Smart regulations, risk communication may help refocus industry’s hydraulic fracturing debate
By Linda Hsieh, managing editor
The public debate around hydraulic fracturing has gone off track, jeopardizing opportunities for the energy industry and the potential economic and environmental benefits that unconventional resources can bring, asserted Mark Boling, president of V+ Development Solutions, a division of Southwestern Energy. Speaking at the IADC Houston Chapter luncheon last week, he recommended two actions that could help to refocus the discourse. One is to advocate “smart regulations,” which simply means effective risk management, Mr Boling said. The other is to “spend less time minimizing the public’s concerns about hydraulic fracturing and more time communicating the real risks and what industry is doing to mitigate those risks,” he said.
Whether the public’s concerns are rational or not, the industry’s response should never be “don’t worry about it.” “We need to stop doing that and say, ‘Yes, there are risks, but let me tell you what those risks are and what we do and what we have been doing for years to either eliminate or mitigate those risks,’” Mr Boling said. Industry also loses credibility when it argues it’s been conducting hydraulic fracturing operations for 60 years without any problems, he added. This kind of argument discounts the significant improvements that the industry has made to improve its operational integrity in the past several decades.

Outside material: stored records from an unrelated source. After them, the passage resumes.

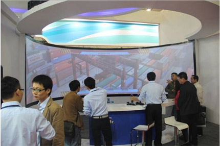虛擬仿真是虛擬現(xiàn)實項目中常見形式,通過多通道三維場景建設,輔以外設操作場景變化,達到虛擬場景漫游的目的。展項采用180度弧形,四通道融合顯示。展項設備為NEC
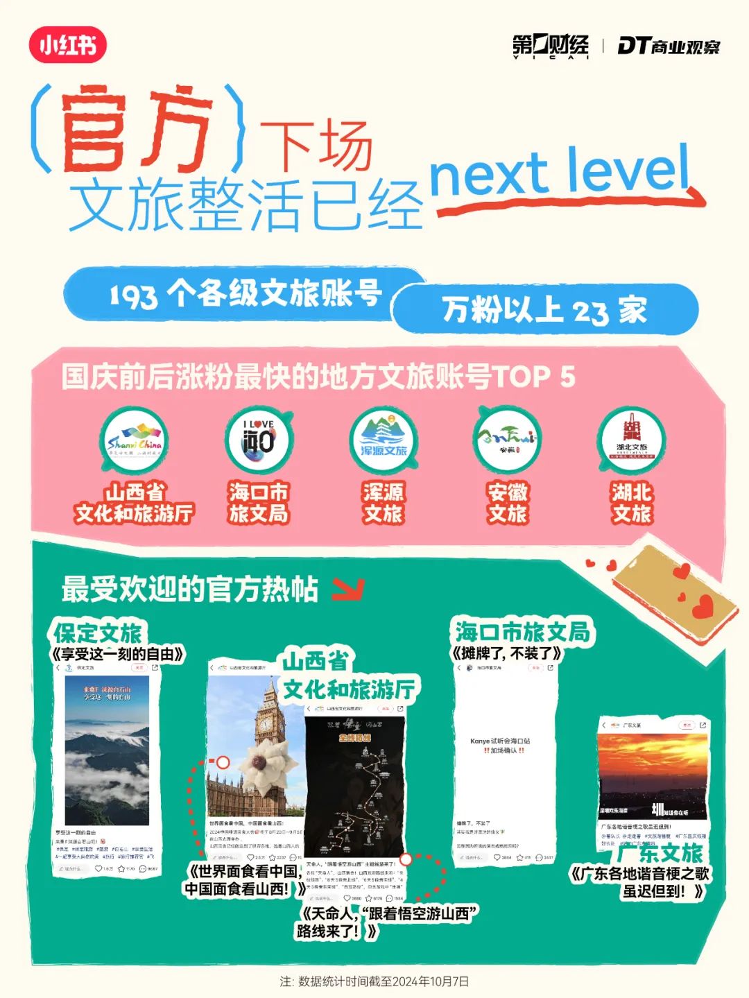 截至今年國慶假期,小紅書上官方文旅局的入駐數(shù)量從年初的40家增至193家,其中萬粉以上賬號23家,千粉以上多達90家。
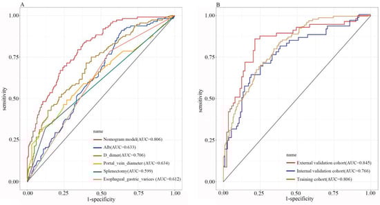- Yuan, H.L.; Wang, M.; Chu, W.W.; Li, F.X.; Lu, J.J.; Li, Y. Nomogram Model for Prediction of Portal Vein Thrombosis in Patients with Liver Cirrhosis After Splenectomy: A Retrospective Analysis of 2 Independent Cohorts. Med. Sci. Monit. 2021, 27, e929844. [Google Scholar] [CrossRef]
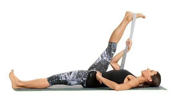 仰卧,右手用瑜伽带,套在右脚上拉右腿靠近胸腔,保持腿伸直保持1分钟,换边5.仰卧穿针式
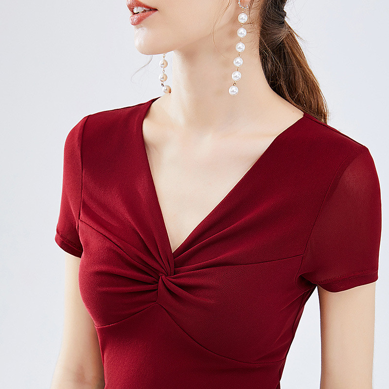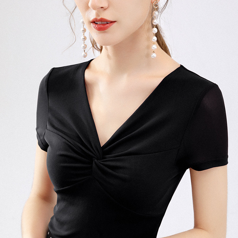 Ballroom Dance Top Ruching Women's Training Running Short Sleeve Ch...
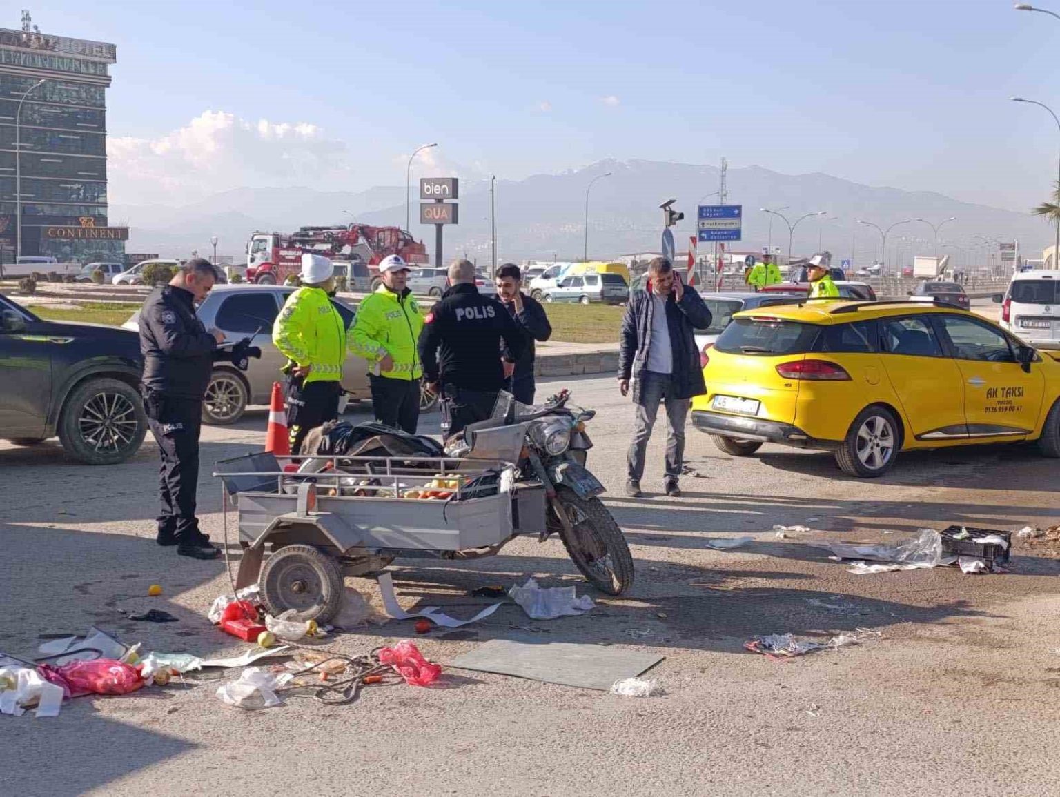 Kahramanmaraş’ın Onikişubat ilçesinde ticari taksi ile sepetli motosikletin karıştığı kazada 2 kişi yaralandı.
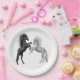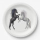 Plato De Papel Negro y un caballo blanco que pelean
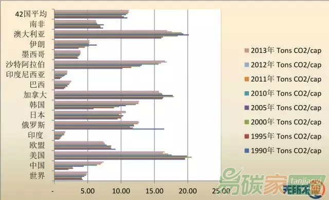 圖3.1990年-2013年世界上主要排放國(guó)和世界人均排放量
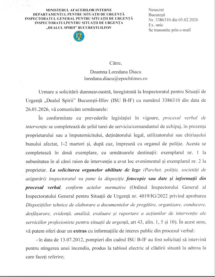 Concret, redacţia noastră a cerut o copie a raportului operativ de la intervenţia din data de 13 iulie 2012 (document în care se consemnează natura incendiului: localizat/generalizat, degajări de fum, victime încarcerate etc.), măsuri dispuse, pagube constatate etc. Nu l-am primit. ISU BIF ne-a transmis că acesta nu poate fi făcut public (nu înţelegem de ce), însă a informat că distrugerile au constat în 6 metri liniari de cabluri. Răspunsul pompierilor NU MENŢIONEAZĂ NICIO ALTĂ PAGUBĂ.
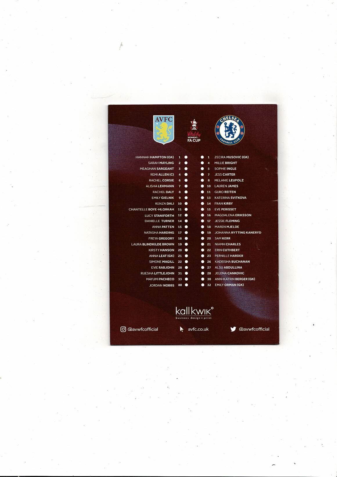 2022/23 Aston Villa v Chelsea Women's FA Cup Final Football Programme
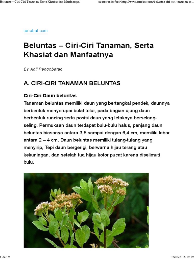 Beluntas Ciri-Ciri Tanaman, Serta Khasiat dan Manfaatnya - PDF Free Download
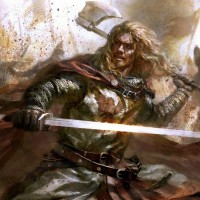 The image depicts a warrior, possibly from a historical or mythological context. The character is holding a sword in one hand and an axe in the other. He's wearing armor that suggests he might be a figure from Norse, Roman, or Celtic history. The background appears chaotic with battle elements like smoke and debris, which further emphasizes the theme of warfare.

“To the public, when they hear hydraulic fracturing operations, they are not thinking of just the completion. They are thinking from the very day that the bulldozers show up to clear the location to the drilling rig coming out,” he said. “When you try to tell them that what you do today is the same thing we did 60 years ago, it doesn’t really ring true. As a matter of fact, you continue to lose credibility with them.”
Taking this “straight talk” approach with the public means that industry must walk the talk, especially when it comes to well integrity. Mr Boling noted four critical components to ensure integrity in a hydraulically fractured well. “The first is to evaluate stratigraphic confinement before you even go out there. How deep is your formation? What do you have between your target formation and your underground sources of drinking water? Do you have natural protective barriers? Is it enormously fractured? Do you have old wells that perhaps were improperly abandoned?”
Ensuring good well construction standards is also key, he said, because if “you get the well construction right, it’s 95% of the battle.” The third component is evaluating mechanical integrity before fracturing the well, and the fourth is real-time monitoring of the frac job in the producing well. While most companies would say they already do that, state laws don’t require it and, more importantly, the public doesn’t know you’re doing it, he said.
Simultaneous to well integrity issues that address the subsurface, industry also must pay more attention to surface impact, which includes pit construction, chemical storage, erosion sedimentation and truck traffic and road damage. “It’s stuff that impacts people’s daily lives. That’s what the community is worried about, and we need to step up and do more about it,” he said.
Around Mr Boling’s recommendation for smart regulations, he encouraged the industry to reconsider its own perception of regulations, noting that good regulations can benefit all stakeholders. When done smartly, regulations will help companies to identify and eliminate risks associated with their operations, he said.
To ensure regulations are done right, he continued, the industry must look to collaboration and risk communication. “It’s not to continue a rhetoric of ‘we can’t be regulated’… It’s sitting down with the people who are your biggest critics, the people who regulate you, and talking to them about what the risks really are and this is what we do.”
Public opinion and public policy are driven by perception, not reality, Mr Boling emphasized, and the widening gap between actual and perceived risks threatens the industry’s future. “Especially in the context of hydraulic fracturing operations, if we are not able to close that gap to where we do have smart regulations, we will never achieve what I think is critically important for the success of unconventional gas development in the United States. That is public trust and acceptance of hydraulic fracturing operations.”